** EXERCISE OBJECTIVE **
Below is a listing; retype exactly the lines between the one containing "Pościel dla dziecka" and the one containing "占い師を信用しない恐怖の人狼", inclusive, minus the pictures.

____

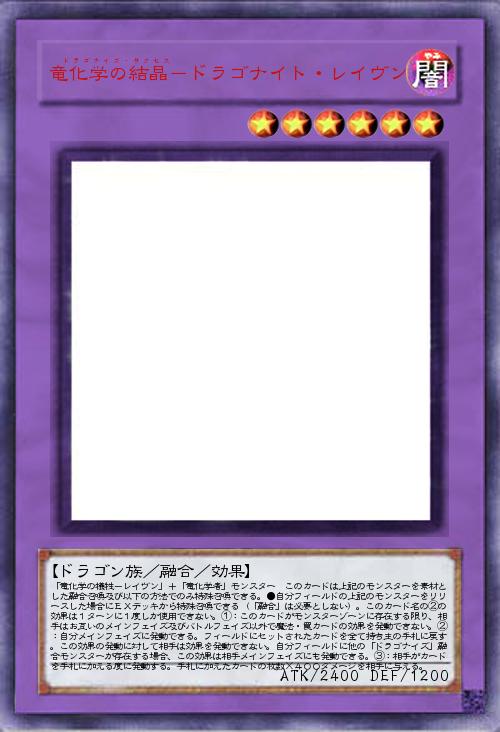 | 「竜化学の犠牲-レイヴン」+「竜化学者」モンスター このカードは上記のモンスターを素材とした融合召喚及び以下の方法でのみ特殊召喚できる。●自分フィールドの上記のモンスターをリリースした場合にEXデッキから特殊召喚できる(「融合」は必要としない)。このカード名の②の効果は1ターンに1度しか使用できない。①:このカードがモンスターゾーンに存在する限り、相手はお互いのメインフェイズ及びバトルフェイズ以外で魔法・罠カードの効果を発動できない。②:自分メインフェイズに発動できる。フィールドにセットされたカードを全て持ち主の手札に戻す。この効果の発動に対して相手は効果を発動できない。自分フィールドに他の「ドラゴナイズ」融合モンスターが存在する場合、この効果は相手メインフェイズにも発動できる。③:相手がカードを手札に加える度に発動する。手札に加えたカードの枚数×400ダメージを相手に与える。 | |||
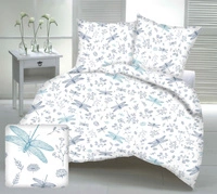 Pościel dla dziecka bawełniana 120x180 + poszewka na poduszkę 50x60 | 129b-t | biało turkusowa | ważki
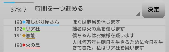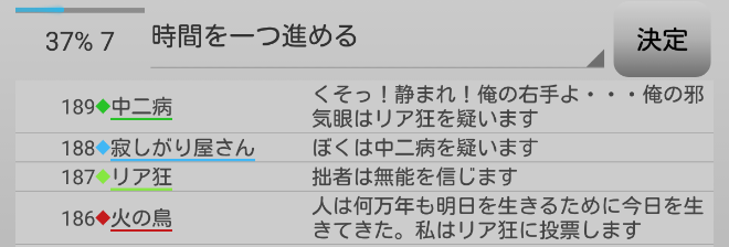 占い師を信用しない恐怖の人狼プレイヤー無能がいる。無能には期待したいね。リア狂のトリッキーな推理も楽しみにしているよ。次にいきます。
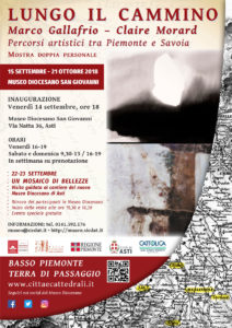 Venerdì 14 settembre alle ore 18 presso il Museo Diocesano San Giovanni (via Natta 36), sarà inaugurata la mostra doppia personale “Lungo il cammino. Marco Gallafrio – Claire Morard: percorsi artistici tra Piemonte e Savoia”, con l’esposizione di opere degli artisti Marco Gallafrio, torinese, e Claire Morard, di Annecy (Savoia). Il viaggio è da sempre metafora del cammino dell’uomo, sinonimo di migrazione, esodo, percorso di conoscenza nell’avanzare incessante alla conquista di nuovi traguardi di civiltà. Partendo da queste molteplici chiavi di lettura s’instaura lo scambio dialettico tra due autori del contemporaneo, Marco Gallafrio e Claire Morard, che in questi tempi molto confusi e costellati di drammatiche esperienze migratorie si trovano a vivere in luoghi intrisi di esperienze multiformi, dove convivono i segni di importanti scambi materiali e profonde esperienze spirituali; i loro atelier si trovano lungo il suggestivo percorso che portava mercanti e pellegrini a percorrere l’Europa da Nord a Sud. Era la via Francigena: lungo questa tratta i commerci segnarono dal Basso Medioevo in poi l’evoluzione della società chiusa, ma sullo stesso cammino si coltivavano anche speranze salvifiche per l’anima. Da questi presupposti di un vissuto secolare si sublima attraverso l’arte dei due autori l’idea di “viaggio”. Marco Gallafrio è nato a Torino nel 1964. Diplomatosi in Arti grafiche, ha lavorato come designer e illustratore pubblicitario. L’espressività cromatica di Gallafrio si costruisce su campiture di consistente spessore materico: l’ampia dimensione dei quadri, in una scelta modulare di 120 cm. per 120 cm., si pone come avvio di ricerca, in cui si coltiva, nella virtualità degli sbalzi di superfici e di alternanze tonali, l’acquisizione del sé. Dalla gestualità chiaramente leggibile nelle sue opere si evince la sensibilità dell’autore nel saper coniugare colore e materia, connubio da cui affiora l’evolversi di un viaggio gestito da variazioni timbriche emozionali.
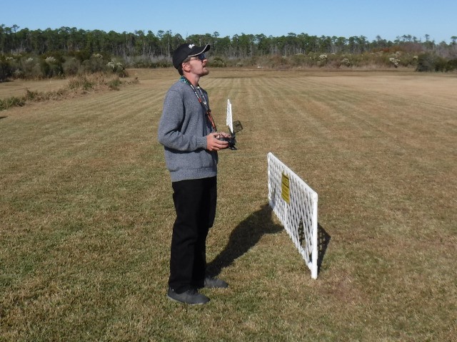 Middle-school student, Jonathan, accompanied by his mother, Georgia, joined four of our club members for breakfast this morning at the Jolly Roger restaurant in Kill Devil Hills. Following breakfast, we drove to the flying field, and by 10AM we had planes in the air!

____

** RESULT **
 Pościel dla dziecka bawełniana 120x180 + poszewka na poduszkę 50x60 | 129b-t | biało turkusowa | ważki
 占い師を信用しない恐怖の人狼プレイヤー無能がいる。無能には期待したいね。リア狂のトリッキーな推理も楽しみにしているよ。次にいきます。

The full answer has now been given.